Work request :: Starting at the line that contains "Horny Ebony wake", repeat each line of the listing below through the last one, exactly, and leave out every picture.

Given information ::

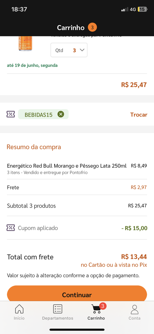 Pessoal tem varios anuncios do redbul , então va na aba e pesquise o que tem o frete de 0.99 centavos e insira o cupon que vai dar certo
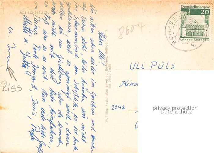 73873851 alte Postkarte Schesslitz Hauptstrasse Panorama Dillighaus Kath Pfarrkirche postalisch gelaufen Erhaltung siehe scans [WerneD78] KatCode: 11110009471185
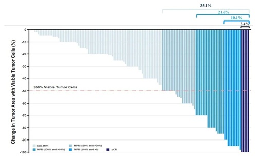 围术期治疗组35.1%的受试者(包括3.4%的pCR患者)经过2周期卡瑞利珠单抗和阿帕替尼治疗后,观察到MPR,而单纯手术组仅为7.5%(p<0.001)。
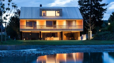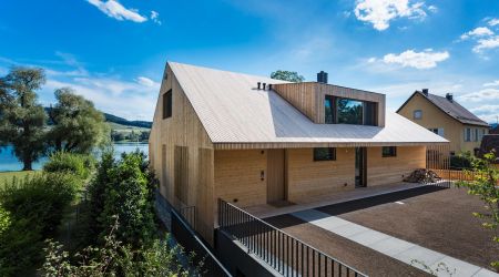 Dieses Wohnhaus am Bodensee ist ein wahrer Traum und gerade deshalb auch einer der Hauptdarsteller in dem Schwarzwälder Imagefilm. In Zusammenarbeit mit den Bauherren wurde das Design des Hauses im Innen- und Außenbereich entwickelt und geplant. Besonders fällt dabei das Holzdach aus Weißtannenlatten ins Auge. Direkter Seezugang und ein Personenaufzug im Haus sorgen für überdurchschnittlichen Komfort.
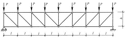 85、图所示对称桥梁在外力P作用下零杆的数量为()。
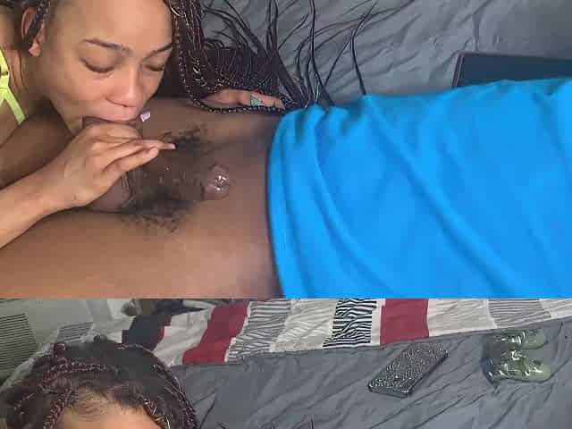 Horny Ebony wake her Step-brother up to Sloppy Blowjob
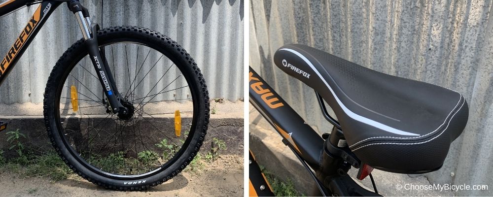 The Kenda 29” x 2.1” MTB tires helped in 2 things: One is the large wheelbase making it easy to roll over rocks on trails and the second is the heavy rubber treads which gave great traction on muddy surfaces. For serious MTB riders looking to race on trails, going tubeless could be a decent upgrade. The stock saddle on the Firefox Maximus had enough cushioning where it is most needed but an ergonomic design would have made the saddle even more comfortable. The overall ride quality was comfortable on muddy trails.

Answer box ::
 Horny Ebony wake her Step-brother up to Sloppy Blowjob
 The Kenda 29” x 2.1” MTB tires helped in 2 things: One is the large wheelbase making it easy to roll over rocks on trails and the second is the heavy rubber treads which gave great traction on muddy surfaces. For serious MTB riders looking to race on trails, going tubeless could be a decent upgrade. The stock saddle on the Firefox Maximus had enough cushioning where it is most needed but an ergonomic design would have made the saddle even more comfortable. The overall ride quality was comfortable on muddy trails.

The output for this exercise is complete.